Exercise aim |
Every record must come back unchanged, apart from the pictures, which are dropped.

Input material |
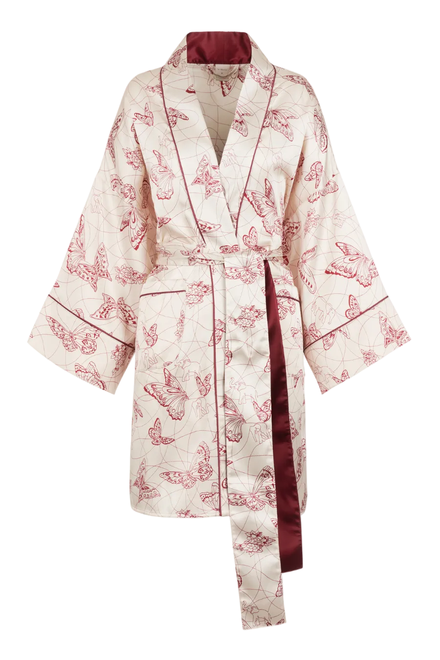 Created exclusively for our collaboration with La Réserve Paris, the “Suite 504” capsule is a tribute to intimacy, elegance, and quiet luxury. At its heart lies a bespoke hand-drawn print, inspired by a rare Japanese Art Deco katagami stencil. The motif unites two emblems: the butterfly, our enduring icon of transformation, and the elephant, La Réserve’s gentle guardian of memory and grace. Rendered in soft ivory with accents of La Réserve red, the design flows across silk with a rhythm that is both playful and serene.
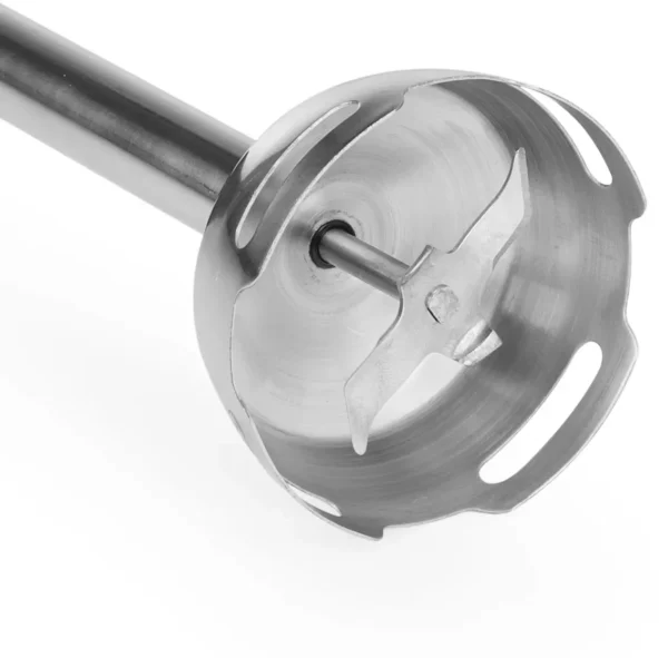 Frullatore a immersione da 1000 W con impugnatura ergonomica in gomma e due pulsanti luminosi. Dotato di asta in acciaio inox con quattro lame, ideale per preparare vellutate, zuppe, smoothie e puree. Include recipiente graduato, frusta e tritatutto. Facile da smontare e lavabile in lavastoviglie.
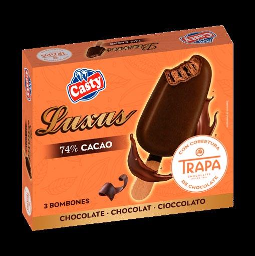 Chocolates Trapa se alía con Helados Casty para lanzar Luxus 74% Cacao by Trapa, un nuevo bombón helado de chocolate que llegará esta primavera a tiendas, supermercados y horeca. La colaboración coincide con el 135 aniversario de Trapa y los 35 años del bombón Luxus. El producto combina tres chocolates, relleno de crema de chocolate negro y cobertura Trapa con un 74% de cacao.
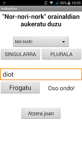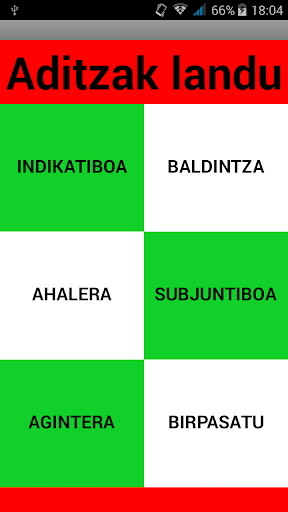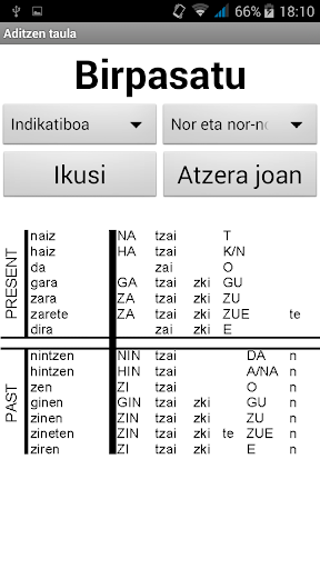 Aplikazio honekin aditzak oso azkar ikas ditzakezu. Saia itzazu indikatiboa, baldintza, ahalera, subjuntiboa eta agintera. Gainera aditzen taula guztia ere birpasa dezakezu, eta hori dena aplikazio honekin!
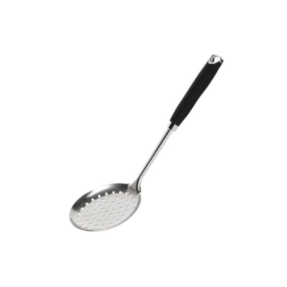 Зручна стильна шумівка з нержавіючої сталі завдовжки 35 см і діаметром 11,8 см. Оснащена ергономічним пластиковим руків’ям, що не нагрівається і є приємним на дотик. Стане надійним помічником при готуванні страв у великому і середньому посуді. Не рекомендовано мити в посудомийній машині.
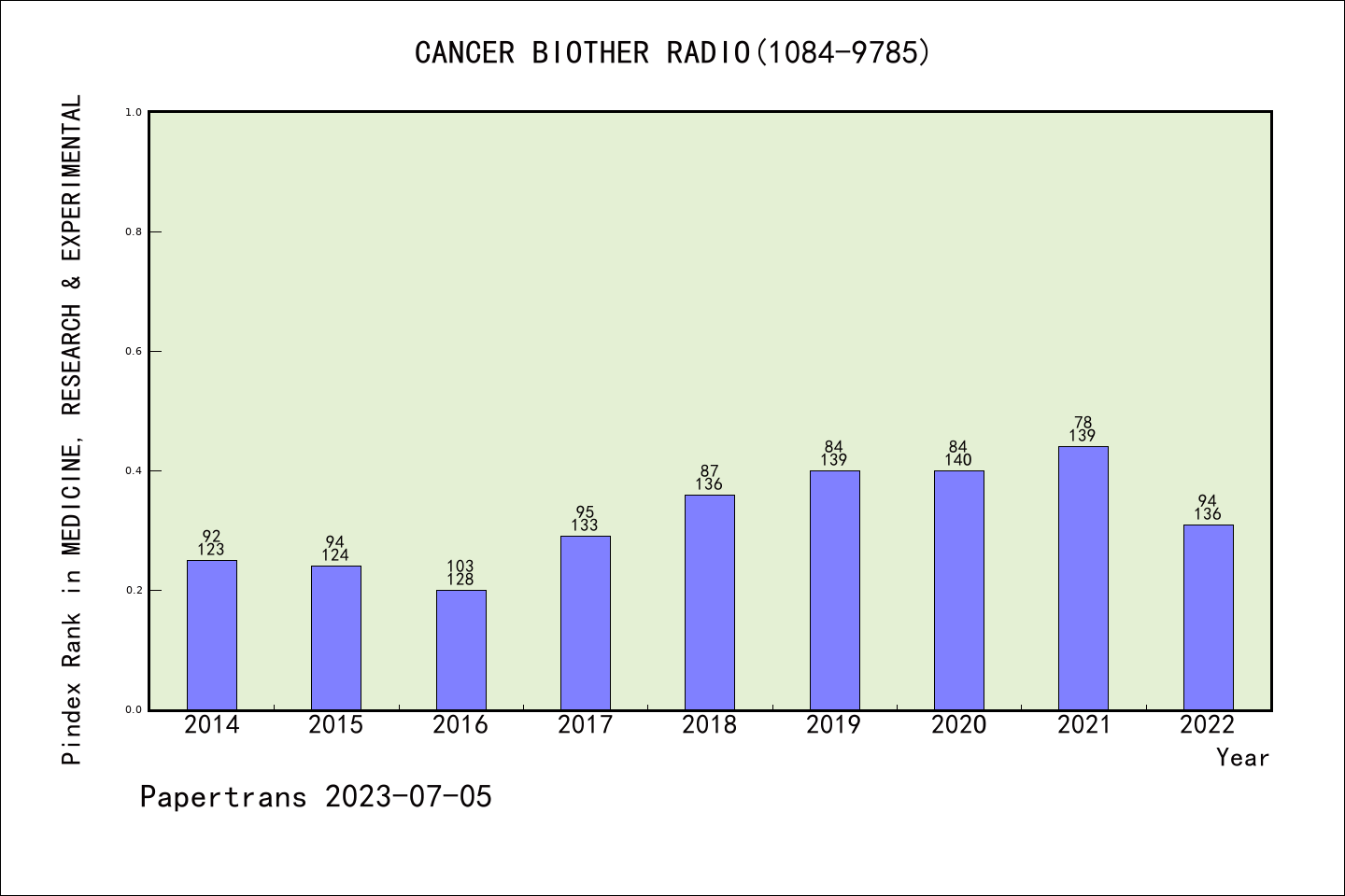 CANCER BIOTHERAPY AND RADIOPHARMACEUTICALS派博系数(Pindex)学科排名@SCIE医学研究与实验
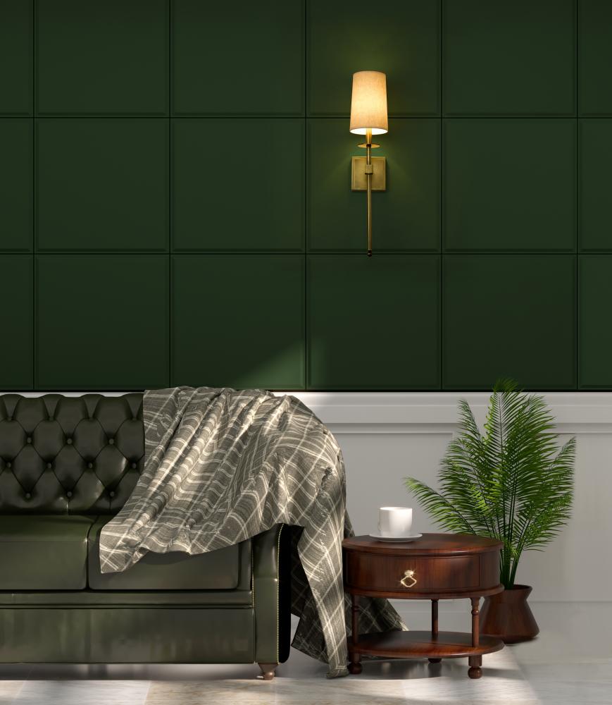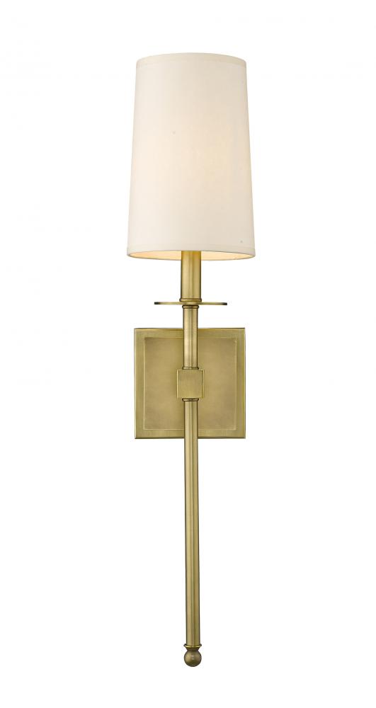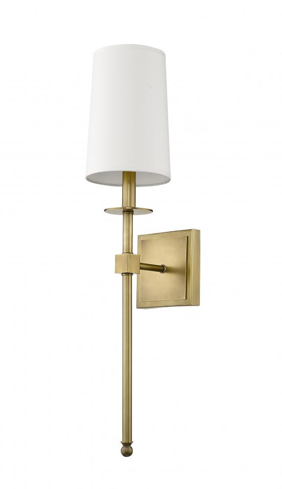 Long lines and an elegantly simple motif lend sophistication to this contemporary rubbed brass finish one-light wall sconce. Mirroring a traditional lamp motif, its steel frame and wall mount join a tall white fabric shade to form a decadent look with versatility for use in a bathroom, bedroom, or hallway.
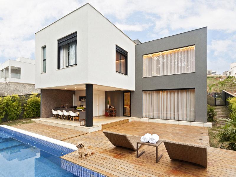 Projeto Óbvio Arquitetura: O deck de madeira suspenso dá destaque ao mobiliário contemporâneo da área da piscina. Foto: Henrique Queiroga
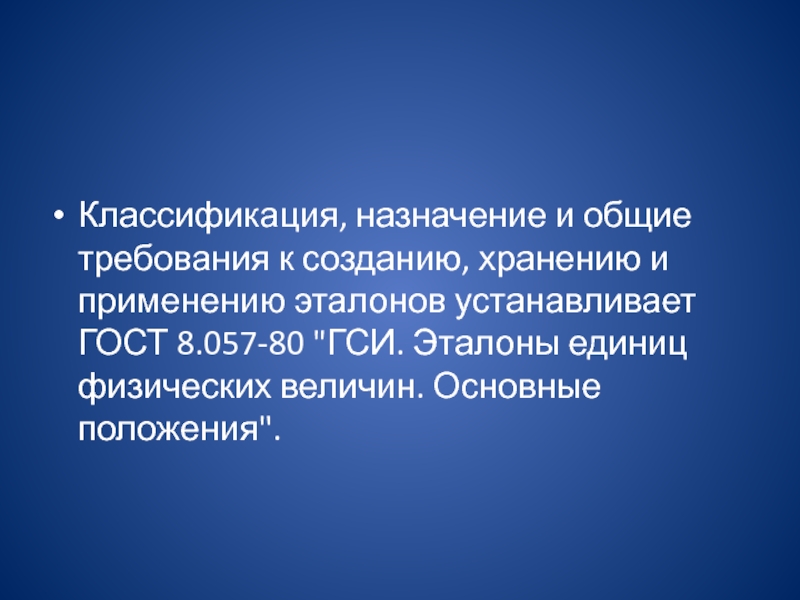 эталонов устанавливает ГОСТ 8.057-80 "ГСИ. Эталоны единиц физических величин. Основные
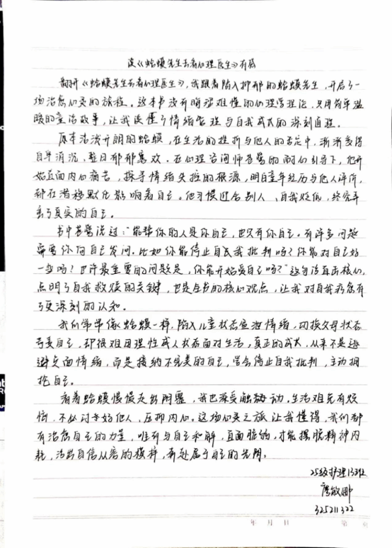 活动接近尾声,在现场同学与老师的共同评选下,本次读书会评选出了一篇优秀观后感。这位同学用真挚的文字记录了自己的成长与思考。
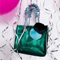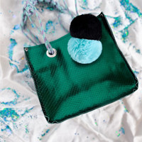Hand Crafted - Handmade Shiny Green Leather Tote with Pompoms
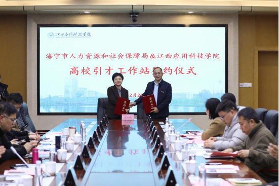 2月26日上午,江西应用科技学院与海宁市人力资源和社会保障局在三元大厦一楼会议室举行人才交流合作座谈会暨引才工作站签约仪式。海宁市人力资源和社会保障局党组成员、副局长沈燕明等人社局领导、浙江汉峘教育发展有限公司总经理李立新等企业代表,江西应用科技学院党委委员、副校长谢远健、招生就业处副处长赵学敏及相关学院党总支书记共同参会。

Exercise output |
 Created exclusively for our collaboration with La Réserve Paris, the “Suite 504” capsule is a tribute to intimacy, elegance, and quiet luxury. At its heart lies a bespoke hand-drawn print, inspired by a rare Japanese Art Deco katagami stencil. The motif unites two emblems: the butterfly, our enduring icon of transformation, and the elephant, La Réserve’s gentle guardian of memory and grace. Rendered in soft ivory with accents of La Réserve red, the design flows across silk with a rhythm that is both playful and serene.
 Frullatore a immersione da 1000 W con impugnatura ergonomica in gomma e due pulsanti luminosi. Dotato di asta in acciaio inox con quattro lame, ideale per preparare vellutate, zuppe, smoothie e puree. Include recipiente graduato, frusta e tritatutto. Facile da smontare e lavabile in lavastoviglie.
 Chocolates Trapa se alía con Helados Casty para lanzar Luxus 74% Cacao by Trapa, un nuevo bombón helado de chocolate que llegará esta primavera a tiendas, supermercados y horeca. La colaboración coincide con el 135 aniversario de Trapa y los 35 años del bombón Luxus. El producto combina tres chocolates, relleno de crema de chocolate negro y cobertura Trapa con un 74% de cacao.
 Aplikazio honekin aditzak oso azkar ikas ditzakezu. Saia itzazu indikatiboa, baldintza, ahalera, subjuntiboa eta agintera. Gainera aditzen taula guztia ere birpasa dezakezu, eta hori dena aplikazio honekin!
 Зручна стильна шумівка з нержавіючої сталі завдовжки 35 см і діаметром 11,8 см. Оснащена ергономічним пластиковим руків’ям, що не нагрівається і є приємним на дотик. Стане надійним помічником при готуванні страв у великому і середньому посуді. Не рекомендовано мити в посудомийній машині.
 CANCER BIOTHERAPY AND RADIOPHARMACEUTICALS派博系数(Pindex)学科排名@SCIE医学研究与实验
 Long lines and an elegantly simple motif lend sophistication to this contemporary rubbed brass finish one-light wall sconce. Mirroring a traditional lamp motif, its steel frame and wall mount join a tall white fabric shade to form a decadent look with versatility for use in a bathroom, bedroom, or hallway.
 Projeto Óbvio Arquitetura: O deck de madeira suspenso dá destaque ao mobiliário contemporâneo da área da piscina. Foto: Henrique Queiroga
 эталонов устанавливает ГОСТ 8.057-80 "ГСИ. Эталоны единиц физических величин. Основные
 活动接近尾声,在现场同学与老师的共同评选下,本次读书会评选出了一篇优秀观后感。这位同学用真挚的文字记录了自己的成长与思考。
Hand Crafted - Handmade Shiny Green Leather Tote with Pompoms
 2月26日上午,江西应用科技学院与海宁市人力资源和社会保障局在三元大厦一楼会议室举行人才交流合作座谈会暨引才工作站签约仪式。海宁市人力资源和社会保障局党组成员、副局长沈燕明等人社局领导、浙江汉峘教育发展有限公司总经理李立新等企业代表,江西应用科技学院党委委员、副校长谢远健、招生就业处副处长赵学敏及相关学院党总支书记共同参会。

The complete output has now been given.